Q: How does Beaulieu compete in a consolidated marketplace where your two biggest competitors have so much more market presence?
A: We find that our dealers want options and alternatives for their customers. And they and their customers like the innovative selections we have that others don’t—innovations like Magic Fresh odor reducer, Silver Release anti-microbial treatment, Wrinkle Guard backing for our carpets, and our full selection of coordinated color and style transitions for our LVF line.
Q: How important is international business to Beaulieu’s future?
A: Very important. As you know from your recent interview at Domotex with Joe Williams, our head of international sales, we plan to double our exhibit space there next year. Our close collaboration with Beaulieu Canada is another important indication. While the U.S. is obviously very important to us, we definitely have a global perspective. To Beaulieu, every continent but Antarctica is important.
Q: What do you enjoy when you’re not working?

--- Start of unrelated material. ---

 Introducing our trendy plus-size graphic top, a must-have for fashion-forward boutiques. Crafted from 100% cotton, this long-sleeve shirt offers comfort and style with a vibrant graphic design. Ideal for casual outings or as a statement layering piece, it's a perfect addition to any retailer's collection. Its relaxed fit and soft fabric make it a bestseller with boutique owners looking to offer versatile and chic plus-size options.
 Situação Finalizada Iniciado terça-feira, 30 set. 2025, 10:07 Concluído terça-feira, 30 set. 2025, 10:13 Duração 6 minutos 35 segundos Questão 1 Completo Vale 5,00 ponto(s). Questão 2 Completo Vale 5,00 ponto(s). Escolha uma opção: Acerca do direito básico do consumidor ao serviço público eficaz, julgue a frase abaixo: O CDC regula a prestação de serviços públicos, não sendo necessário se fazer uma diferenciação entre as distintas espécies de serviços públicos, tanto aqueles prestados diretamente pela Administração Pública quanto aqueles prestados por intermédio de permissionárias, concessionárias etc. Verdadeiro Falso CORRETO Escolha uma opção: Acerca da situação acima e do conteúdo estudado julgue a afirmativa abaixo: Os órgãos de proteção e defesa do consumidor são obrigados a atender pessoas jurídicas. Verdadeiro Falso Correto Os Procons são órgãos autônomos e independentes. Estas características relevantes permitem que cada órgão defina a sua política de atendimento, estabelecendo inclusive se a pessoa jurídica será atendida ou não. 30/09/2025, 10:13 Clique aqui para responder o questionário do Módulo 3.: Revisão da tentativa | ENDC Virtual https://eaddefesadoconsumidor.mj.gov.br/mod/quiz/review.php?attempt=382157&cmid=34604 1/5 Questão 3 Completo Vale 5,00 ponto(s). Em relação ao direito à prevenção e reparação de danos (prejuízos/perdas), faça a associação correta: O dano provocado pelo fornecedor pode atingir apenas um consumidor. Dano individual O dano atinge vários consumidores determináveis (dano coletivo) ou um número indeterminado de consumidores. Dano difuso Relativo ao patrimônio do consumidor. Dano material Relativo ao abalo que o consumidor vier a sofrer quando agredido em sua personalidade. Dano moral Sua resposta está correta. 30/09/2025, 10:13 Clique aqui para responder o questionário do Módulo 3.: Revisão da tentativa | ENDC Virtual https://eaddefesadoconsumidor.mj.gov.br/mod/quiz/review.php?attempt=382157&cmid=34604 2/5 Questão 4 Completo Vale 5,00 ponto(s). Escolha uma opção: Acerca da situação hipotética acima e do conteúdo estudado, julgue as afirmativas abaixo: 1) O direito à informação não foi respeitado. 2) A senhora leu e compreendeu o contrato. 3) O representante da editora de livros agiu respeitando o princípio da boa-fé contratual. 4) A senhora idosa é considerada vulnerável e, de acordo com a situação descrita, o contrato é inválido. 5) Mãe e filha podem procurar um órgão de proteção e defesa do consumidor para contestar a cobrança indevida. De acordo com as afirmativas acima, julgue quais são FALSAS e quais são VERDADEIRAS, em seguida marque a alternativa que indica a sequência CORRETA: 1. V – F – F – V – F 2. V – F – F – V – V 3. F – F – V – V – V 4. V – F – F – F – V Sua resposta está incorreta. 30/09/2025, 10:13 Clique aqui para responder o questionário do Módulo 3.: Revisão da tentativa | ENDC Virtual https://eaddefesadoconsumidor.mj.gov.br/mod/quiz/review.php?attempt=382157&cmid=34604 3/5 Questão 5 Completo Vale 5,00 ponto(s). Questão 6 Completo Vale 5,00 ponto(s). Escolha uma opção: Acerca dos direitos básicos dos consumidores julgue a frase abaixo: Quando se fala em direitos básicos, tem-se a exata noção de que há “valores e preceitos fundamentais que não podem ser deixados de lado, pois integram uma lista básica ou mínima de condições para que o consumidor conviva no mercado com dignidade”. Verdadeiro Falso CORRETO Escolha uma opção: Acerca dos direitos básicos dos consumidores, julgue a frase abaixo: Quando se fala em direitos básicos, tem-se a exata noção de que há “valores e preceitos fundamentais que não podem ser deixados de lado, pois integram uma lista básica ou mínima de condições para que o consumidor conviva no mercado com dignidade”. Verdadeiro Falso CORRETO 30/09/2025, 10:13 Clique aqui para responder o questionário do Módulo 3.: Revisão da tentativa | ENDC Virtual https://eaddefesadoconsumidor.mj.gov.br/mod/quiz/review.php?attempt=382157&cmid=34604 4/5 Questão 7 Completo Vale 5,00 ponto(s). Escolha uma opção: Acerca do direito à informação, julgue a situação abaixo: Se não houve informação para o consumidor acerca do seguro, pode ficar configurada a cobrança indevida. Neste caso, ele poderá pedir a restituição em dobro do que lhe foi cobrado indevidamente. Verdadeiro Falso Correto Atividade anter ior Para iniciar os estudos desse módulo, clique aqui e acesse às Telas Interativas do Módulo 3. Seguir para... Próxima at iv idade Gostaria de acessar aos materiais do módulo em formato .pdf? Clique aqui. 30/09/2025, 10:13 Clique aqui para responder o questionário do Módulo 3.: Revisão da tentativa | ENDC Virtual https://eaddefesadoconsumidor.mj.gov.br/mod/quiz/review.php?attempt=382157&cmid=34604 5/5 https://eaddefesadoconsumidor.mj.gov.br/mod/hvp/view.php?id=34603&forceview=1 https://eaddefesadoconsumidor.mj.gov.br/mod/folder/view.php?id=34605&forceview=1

A: I have a wife and three kids: a daughter who’s 16, a son who’s 14 and a son who just turned eight. They attend the international school in Atlanta. They speak four languages already, and we all really enjoy travel. It’s part of the Belgian genes; we really like to get out there and see the world when time allows.
In addition, two of my children enjoy tennis, so on the weekends we love to spend time on the courts.